We can perform the arcsine transformation using Minitab’s calculator in two steps. First, convert the calculated proportion (p) using the expression SQRT(Proportion(p)) and store it in a separate column named Sqrt(p). Now apply the arcsine function to this column, using the expression ASIN(Sqrt(p)). If you prefer, you can perform the transformation in a single step by nesting the commands, like this: ASIN(SQRT(Proportion(p))).
Attribute DOE - Calculator ArcSine Transformation Dialog Box  
The values calculated using the arcsine transformation are shown below. By default, Minitab will calculate to five decimal places, but we have rounded our data to two decimal places here:
Results of ArcSine Transformation
Now that we have created the design, collected the data and transformed it, we are ready to conduct the analysis and determine which factors are significant. These steps and the outcome will be provided in the next post. 
About the Guest Blogger: 
Manikandan Jayakumar is a Lean Six Sigma specialist with over 8 years’ experience in process improvement across the automotive, software and service industries. He currently works in Six Sigma deployment with organizations in India. He has trained over 300 candidates in Lean Six Sigma and mentored more than 80 Green and Black Belts along the way. He is a certified Black Belt and a Master Black Belt Candidate from Visteon and the Indian Statistical Institute.

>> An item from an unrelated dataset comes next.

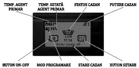Aprindere / Pornire / Oprire cazan complet automatizate - panoul cazanului comanda pompa de circulatie (externa, nu e inclusa in furnitura) si permite conectarea unui termostat de ambianta.

Name: Enrique • Monday, August 20, 2012

Very interestisting Manikandan, can you write about other specific transformations?

Name: Eston Martz • Monday, August 20, 2012

Hi Enrique -

Thanks for the question! What transformations are you interested in, and did you have specific questions about them? One of our bloggers may be able to address this in future posts!

Eston Martz
Editor, The Minitab Blog

Name: K C Ho • Friday, September 14, 2012

Good article in the use of data transformation of attribute Y for DOE. I have done DOEs and encountered problems analyzing when Y is count data e.g counts of particle in one substrate. Do you have a recommendation of a specific transformation in this case?